• jack [he/him, comrade/them]
    ·
    11 months ago

    So you're just a full-blown hyper paranoid conspiracy theorist who thinks that everyone in China is just trying to dupe you into thinking they've built trains?

    • parpol@programming.dev
      ·
      11 months ago

      I'm sure they tried making a maglev. But I'm also sure they used a larger budget than reported, reached lower speeds than reported, and quietly swept under the rug any complaints from locals whoms living spaces were torn down to make room to build this. This is how it always goes.

      • CloutAtlas [he/him]
        ·
        11 months ago

        You can literally watch videos of the Shanghai Maglev, on YouTube, right now. It connects the city to the airport, and Shanghai is a major business hub, westerners go there all the time.

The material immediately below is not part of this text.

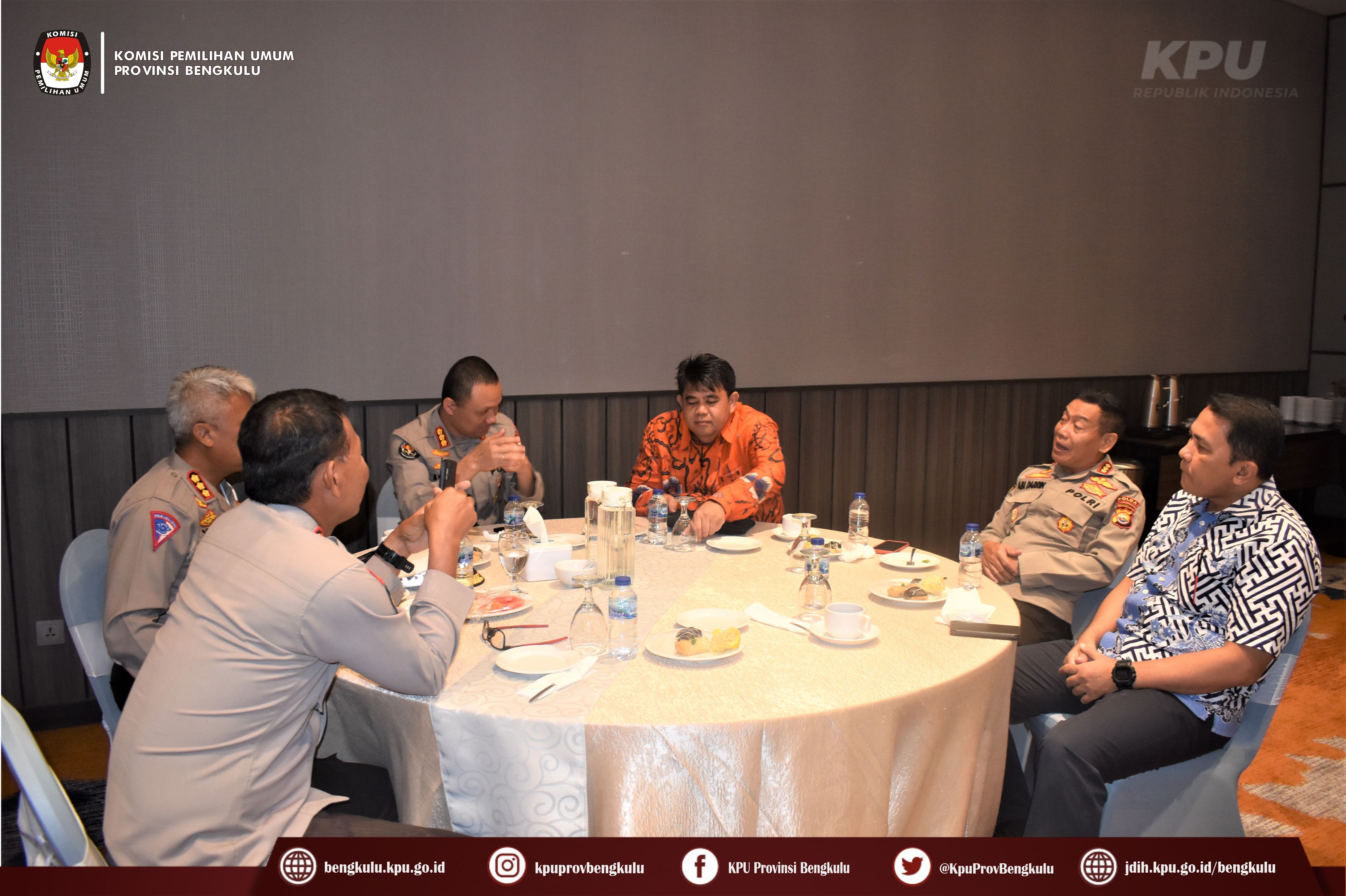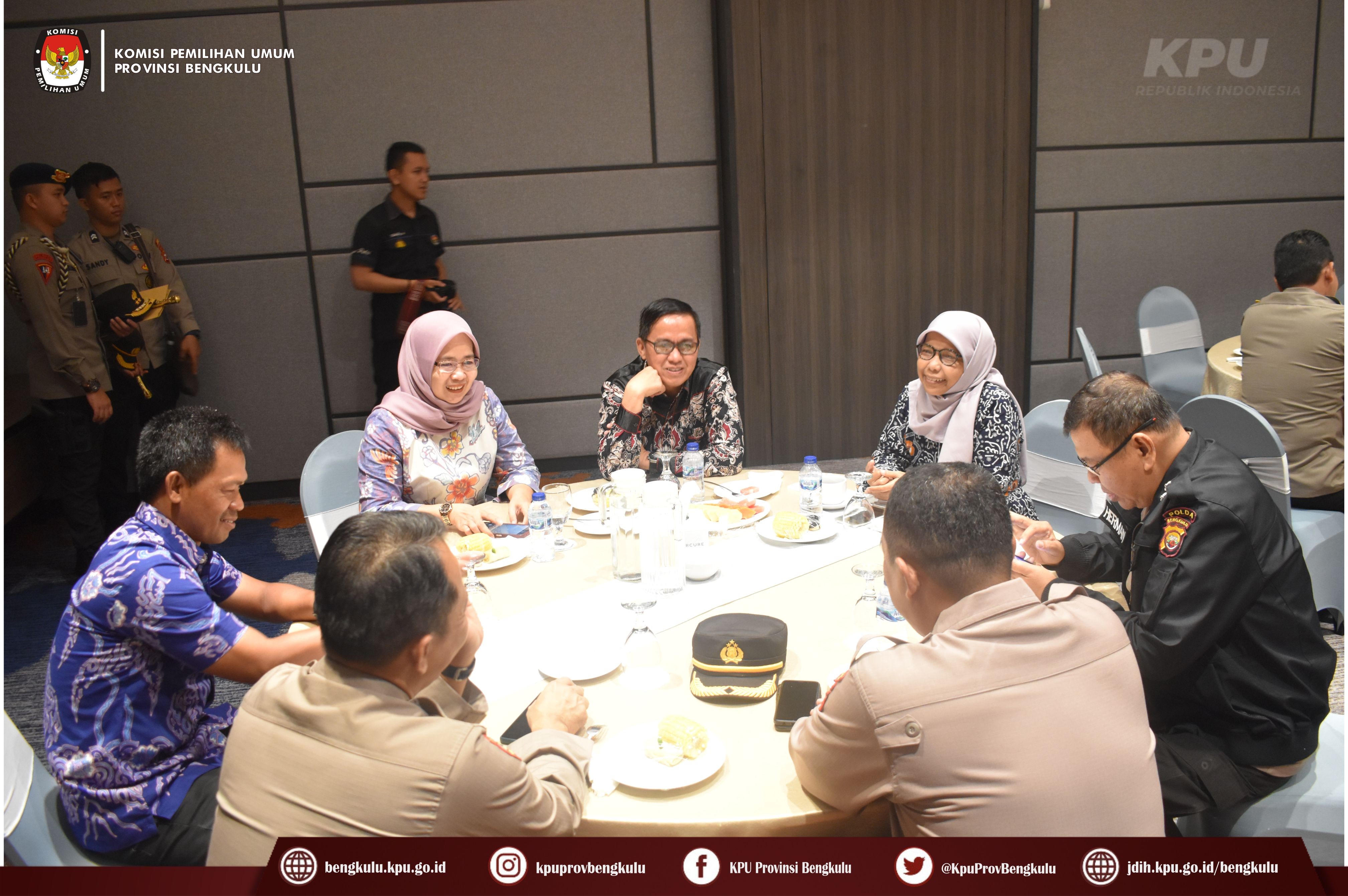 Bengkulu-bengkulu.kpu.go.id, Ketua KPU Provinsi Bengkulu Irwan Saputra bersama Anggota Siti Baroroh, Darlinsyah, Emex Verzoni dan Irna Riza Yuliastuty hadir dalam Penandatangan Perjanjian Kerjasama Antara KPU Provinsi Bengkulu dan Kepolisian Daerah Bengkulu bertempat di Hotel Mercure Bengkulu, Jum’at (17/2/2023). Hadir dalam kegiatan adalah Kepala Kepolisian Daerah Bengkulu Armed Wijaya, MH dan jajarannya, Ketua KPU Kabupaten/Kota se-Provinsi Bengkulu.

      • ExotiqueMatter@lemmygrad.ml
        ·
        edit-2
        11 months ago

        [citation needed]

        Always funny to me how you guys burned in your mind that China is ontologically bad so hard that you just throw accusation of lying without any evidence. You just suppose shit and don't see any problem because to you China is a bad evil country is self evident and so anything that potentialy corroborate this "truth" has to be true.

        hontologically

      • chungusamonugs [he/him]
        ·
        11 months ago

        complaints from locals whoms living spaces were torn down to make room to build this.

        Do NOT Google Robert Moses. Biggest mistake of my life family-guy-death-pose

      • BeamBrain [he/him]
        ·
        11 months ago

        "This is how it always goes (when we in the west do it, and there's no way those orientals could be better at anything than we superior Aryans)."

      • alcoholicorn [comrade/them, doe/deer]
        ·
        11 months ago

        https://invidious.slipfox.xyz/watch?v=4-S7wqwgF1Q

        You can just google shanghai maglev, it makes the journey in about 8 minutes, sometimes less.

        I've done this before with other "china experts" who believed such silly things as that Winny The Pooh was banned in China, but they never let reality get in the way of their pre-conceived notions, or examined how they got those erroneous views.